Fort Myers Beach: A Colorful History
Fort Myers Beach’s reputation as a laid-back beach community hides its original roots as a home to Indians and adventurers. Part of its tumultuous history includes the unlikely combination of pirates, settlers, and mosquitoes. Today, Estero Island and its sister island, San Carlos, form the community of Fort Myers Beach.
Estero Island was once the heartland of the Caloosa Indians. This geologically young barrier island was formed long after Earth’s last ice age. Before the arrival of the white man, the Caloosa Indians used many of the islands off the west coast of Florida as hunting and fishing grounds. “Shell Mounds,” or the remains of their food and community debris, mark Estero Island and other key landmarks around Fort Myers Beach.
Historians agree that Juan Ponce de León and his men were the first to see Florida and gave the lush state its name in the early 16th century. They were followed by other European explorers in search of their fortune. The Caloosa bitterly resisted these arrivals. In 1566, a fortune hunter named Menéndez landed near his hunting grounds on the beach and killed King Carlos, the Chief of the Caloosa, and 20 of his men. It is from this event that the name “Carlos” dominates much of the West Coast nomenclature, including Bahía Carlos, Paso Carlos and Isla San Carlos. The origins of the Caloosa remain a mystery, but some scholars believe they may have traveled on rafts from Mexico’s Yucatán Peninsula. In the end, they found the disappearance of many of the diseases that European explorers brought with them, including measles.

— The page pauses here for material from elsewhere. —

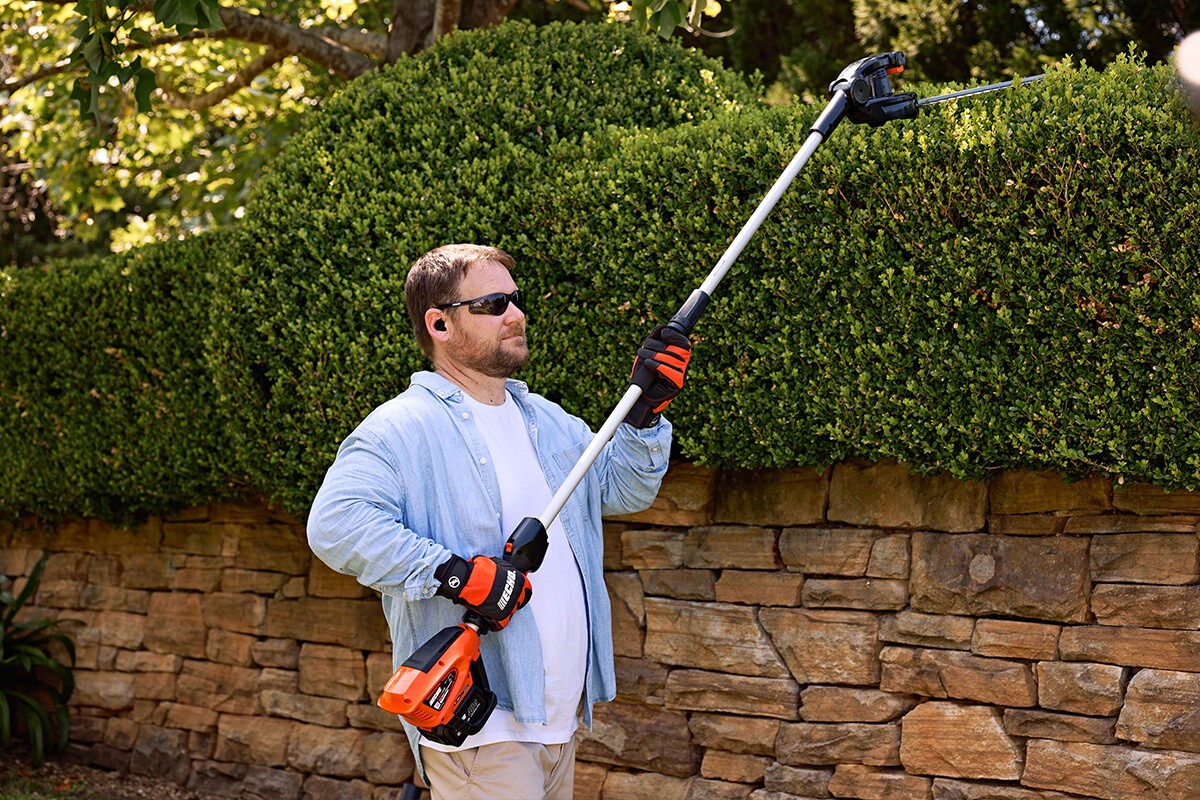 Tagliasiepi ad asta a batteria con alimentazione a 40 V e lunghezza totale di 2,46 metri, progettato per raggiungere siepi alte senza fatica e senza l’ausilio di scale. L’angolazione di taglio è regolabile rapidamente per adattarsi alle diverse esigenze di lavoro, dalla rifinitura verticale al taglio in piano. La lama da 488 mm garantisce precisione su siepi di media dimensione, mentre il peso a secco di 3,6 kg contribuisce alla maneggevolezza durante l’utilizzo.

Explorers weren’t the only sailors who frequented the western coast. During the 1870s, pirates ruled the shores of Black Island. After the defeat by the United States Navy, a renowned pirate named Black Augustus (after whom the island was later named), took his loot and settled on the island. John Butterfield’s family settled on Mound Key in Estero Bay during that time, providing the elderly pirate with sugar, coffee, and other luxuries in exchange for vegetables. When the pirate finally died, legend has it that he paid the Butterfield family by showing them where to look for treasure. Rumors of forgotten and still buried treasures abound.

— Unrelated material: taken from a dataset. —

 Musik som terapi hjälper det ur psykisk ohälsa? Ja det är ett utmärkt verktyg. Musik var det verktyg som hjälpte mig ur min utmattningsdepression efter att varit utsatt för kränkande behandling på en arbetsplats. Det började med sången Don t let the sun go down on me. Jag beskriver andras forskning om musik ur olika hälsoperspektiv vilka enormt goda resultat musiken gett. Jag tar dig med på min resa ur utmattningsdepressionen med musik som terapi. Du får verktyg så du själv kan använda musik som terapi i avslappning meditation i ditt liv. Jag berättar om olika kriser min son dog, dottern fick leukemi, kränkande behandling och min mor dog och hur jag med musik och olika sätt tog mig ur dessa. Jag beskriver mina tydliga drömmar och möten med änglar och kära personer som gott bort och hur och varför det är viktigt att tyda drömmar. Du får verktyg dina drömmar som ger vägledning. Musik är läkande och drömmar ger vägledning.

The Sam Ellis family were the first white family to stay on Estero Island on Shell Mound in the bay in the late 1870s. Rather than settle permanently, they later moved to Sanibel, where they occupied land in the headland. from Tarpon Bay. Many of the “settlers” who filed the original patents were unable to settle permanently due to storms-fighting difficulties and resulting crop problems. In fact, in 1899, a frost hit Florida with temperatures as low as two below zero in Tallahassee, killing trees, oranges and other fledgling crops. It was so cold in western Florida, legend has it, that thousands of icy migratory birds fell from the sky to freeze to the ground.
The last settler to claim Estero Island in 1914 was Leroy Lemoreaux, who cleared his land and survived by growing vegetables and fishing. In several historical treatises, Lemoreaux reflects on which was the worst predator, the bears and panthers that stalked the island, or the deadly mosquitoes that clouded the air. In the 1890s, the only weapon against marauding mosquitoes was smoke. All of this was before the time when a bridge linked the island to the mainland of the Fort Myers area. In 1921, the first bridge built was a wooden swing bridge that charged 50 cents for five people. The 1926 hurricane devastated it and cut the neck of land that linked San Carlos to the mainland, turning it into an island. Today it is still known as Hurricane Pass.

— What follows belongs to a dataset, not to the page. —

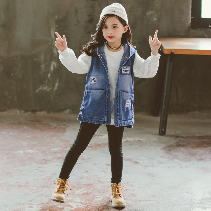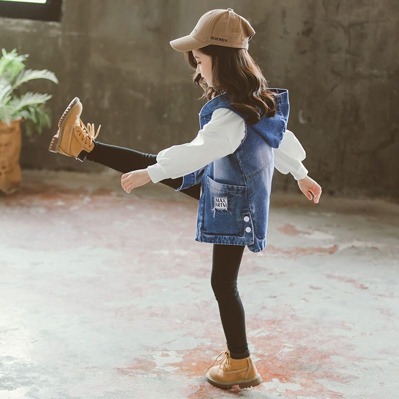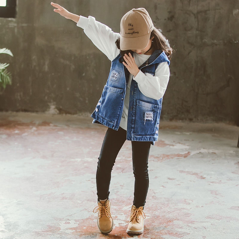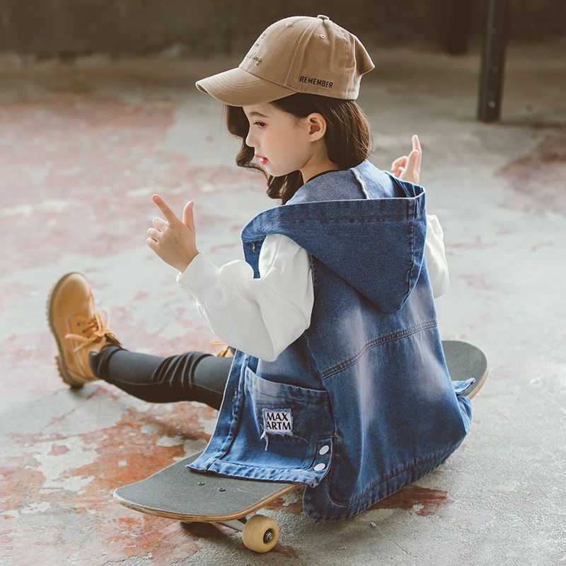 | nameOriginal | Girls' Denim waistcoat for spring and autumn 2024 new cuhk children's vest foreign-style hooded coat cardigan top |

During the years of World War II, growth throughout Florida leveled off, but in the early 1950s, the area “caught on again.” Fort Myers Beach grew more like a permanent destination than a visitor stop. Tourists were slow to discover Fort Myers Beach as it was at the end of the road and not particularly well lit. There were no motels, although hotels existed and several home courts flourished. Recently, the beach has been “rediscovered” as gentrification projects and new shopping and dining venues open up. A great source of pride for the area is the deep-rooted 4th of July celebrations and the Blessing of the Shrimp Fleet. For several years, the beach was the site of the county’s only big fireworks show. In cooler weather in March, the community celebrates the blessing of the fleet with a week-long shrimp festival, featuring many special dishes based on the popular “rose gold” shrimp.